Thursday, June 1, 2017

Reading on a Theme: Dreams and Dreamers

The common thread in this Reading on a Theme is that all of these books contain characters who can enter dreams. In this mix, we've got a highly anticipated new book by a beloved author, some old favorites, and a couple of great debuts. There's a dream for every mood.

Librarians and Gods:
Laini Taylor's Daughter of Smoke and Bone series is one of my favorite trilogies, and I've been eagerly anticipating her next book ever since I finished it. Strange the Dreamer is what everyone calls Lazlo Strange, an orphan who works in a library and dreams of seeing the hidden city of Weep. A second perspective, focusing on a child of Weep, also involves dreaming. Ms.
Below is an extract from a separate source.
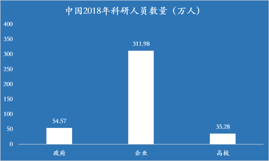 世界银行数据显示,中国2018年有科研人员401万,其中政府科研人员54万,高校科研人员35万,企业科研人员311万。相同口径下,美国的企业科研人员为147万。此外,根据中国国家统计局报告,2019年我国研究生教育招生91.7万人,在学研究生286.4万人,毕业生64万人。普通本专科招生914.9万人,在校生3031.5万人,毕业生758.5万人。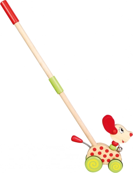 Le chien à pousser en bois sur tige de la marque Bino est un jouet de motricité apprécié qui motive les enfants à marcher et à bouger activement. En le poussant devant soi, le chien muni d’un grelot tinte doucement, ce qui amuse les enfants et les incite à faire d’autres pas. Les roues caoutchoutées assurent une conduite fluide et silencieuse sur différentes surfaces.

Taylor writes the loveliest slow-burn fantasy. I'm absolutely fascinated by the world that she created in this book, from the Medieval Monastic feel to the god-slayers of Weep. The book has some similar themes to The Daughter of Smoke and Bone--gods and monsters and which is which and the collision of cultures.

Dream Catcher:
When near someone dreaming, Janie becomes a witness to the dream. She doesn't know how or why, and it makes for some very uncomfortable moments. In Wake, Janie, with the help of a few very special people, starts to figure out what her dream walking is all about, how she can control her abilities, and what she can give to the dreamer. Lisa McMann's Wake trilogy is a great choice for fans of crime thrillers who also a love a little bit of the supernatural. I found this series so compulsively readable. I thought the writing style with its terse language and the dark and gritty atmosphere really added to the suspense of the books.

The Boy in Her Dreams:
Every night Alice meets Max in her dreams. He is wonderful and funny, and they have had a lifetime of adventures together in her dreams. And she thought that's all he was. A Dream. When Alice moves back to her family's home in Boston, she meets Max at her school. He's real, but he's not quite the same as the Max in her dreams. Or is he? Dreamology is all about the crossover between dreams and reality. And sometimes it's difficult to tell where one ends and the other begins. Lucy Keating's debut is so light and quirky. Little details, like how Alice's dog always shows up in the dreams, are what made this book so cute.

Dreams and Monsters:
Odea Donahue can enter dreams. She must. She grows sick and weak if she doesn't. She has always carefully followed the dreamwalking rules set by her mother, never entering the same person's dreams more than once and never letting the dreamer see her. That is until she falls for Connor. She wants to be close to him, so she enters his dreams night after night even though she knows she shouldn't. And that's why the monsters find her. Dreamland is suspenseful and exciting. Robert L. Anderson's book kept taking turns that I was not expecting. I really liked Dea's narration, and I loved that this book is part horror story, part crime fiction, and part fantasy. This book is perfect for Halloween.

The Boys in Her Dreams:
Liv and her sister just moved to another country. Again. In Dream a Little Dream, Liv finds herself having very strange dreams. It's getting difficult to distinguish the difference between dreams and reality. Liv's dreams always involve a group of boys from her new school. What's the weirdest part is the boys seem to know things they could only know if they had been in her dreams. Liv, who loves Sherlock Holmes, is more than happy to try and find out why. Follow Liv as she uses her detective skills to uncover why she's having the same dreams as the four boys from her school. Kerstin Gier's book is an interesting read. I really liked the interactions between the boys and Liv. Definitely not my typical genre but I enjoyed the plot.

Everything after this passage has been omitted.